Only 26 shops took up the challenge. Decorated window displays were at a number of Centre City retailers, she said.
That figure was well down on previous years.
Next year TAFT would try to communicate better with retailers, she said.
"I would be very interested to know how to make it easier for them to get involved in the project."
The low participation could have been partly because of Americarna coming to town a few weeks before Womad.
Retailers would probably be more willing to get involved if Womad signage was supplied but that was beyond TAFT's budget, she said.
The initiative had been in place for at least five years.
"Some retailers jumped on board and are delighted to join the party and welcome people to town."
One retailer to get into the spirit was Kiwi Outdoors Centre with a dressed up window display, extra stock on hand and Womad specials.

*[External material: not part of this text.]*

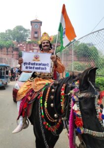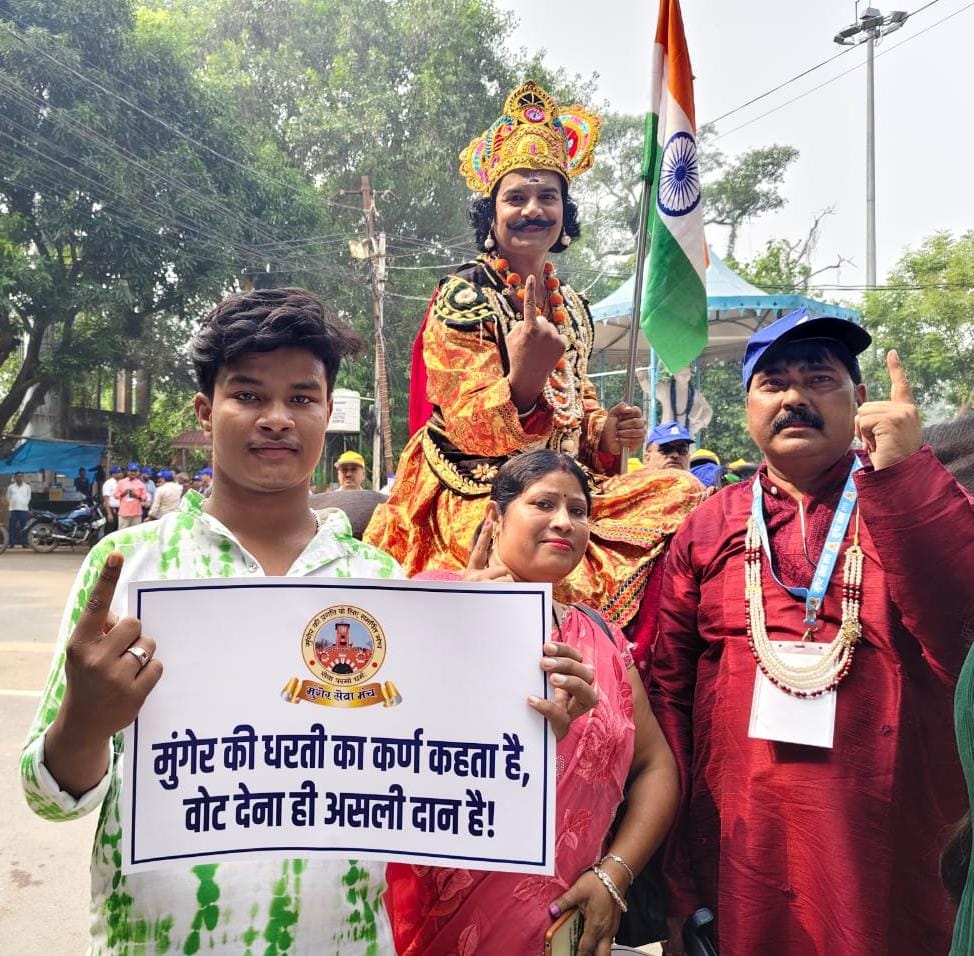 राजन ने कर्ण की वेशभूषा—धनुष, कवच, सोने का मुकुट—धारी लोगों को संदेश दिया: “कर्ण ने सोना दान किया था, तुम वोट दान करो। लोकतंत्र को महान बनाओ। मुंगेर की धरती का कर्ण कहता है—वोट देना ही असली दान है।” मुंगेर मंच द्वारा आयोजित इस कार्यक्रम में शपथ दिलाई गई, जिसमें स्वतंत्र, निष्पक्ष वोटिंग का वादा किया गया।

Owner Rob Needs was extending his hours today and tomorrow to cater for Womad crowds looking for seating, warm clothing and camping needs.
"Event tourism is fantastic if you can ride the coat tails of it," Mr Needs said. "Being a local business, we know what works."
He had bought stock specifically for Womad.
They had a special on Icebreaker gear at the moment to cater for the chilly nights he was anticipating.
"We predict it will be cold nights and the people who come down from up north will be freezing."
His advice for retailers unsure of how to capture the Womad market was to experience it first- hand.
Record store Vinyl Countdown also drew Womad patrons through its doors.
Owner Mark Thomas said he tried to stock as many Womad artist's albums as possible.
And Womad music had been playing non-stop over the store's stereo for the past week or so.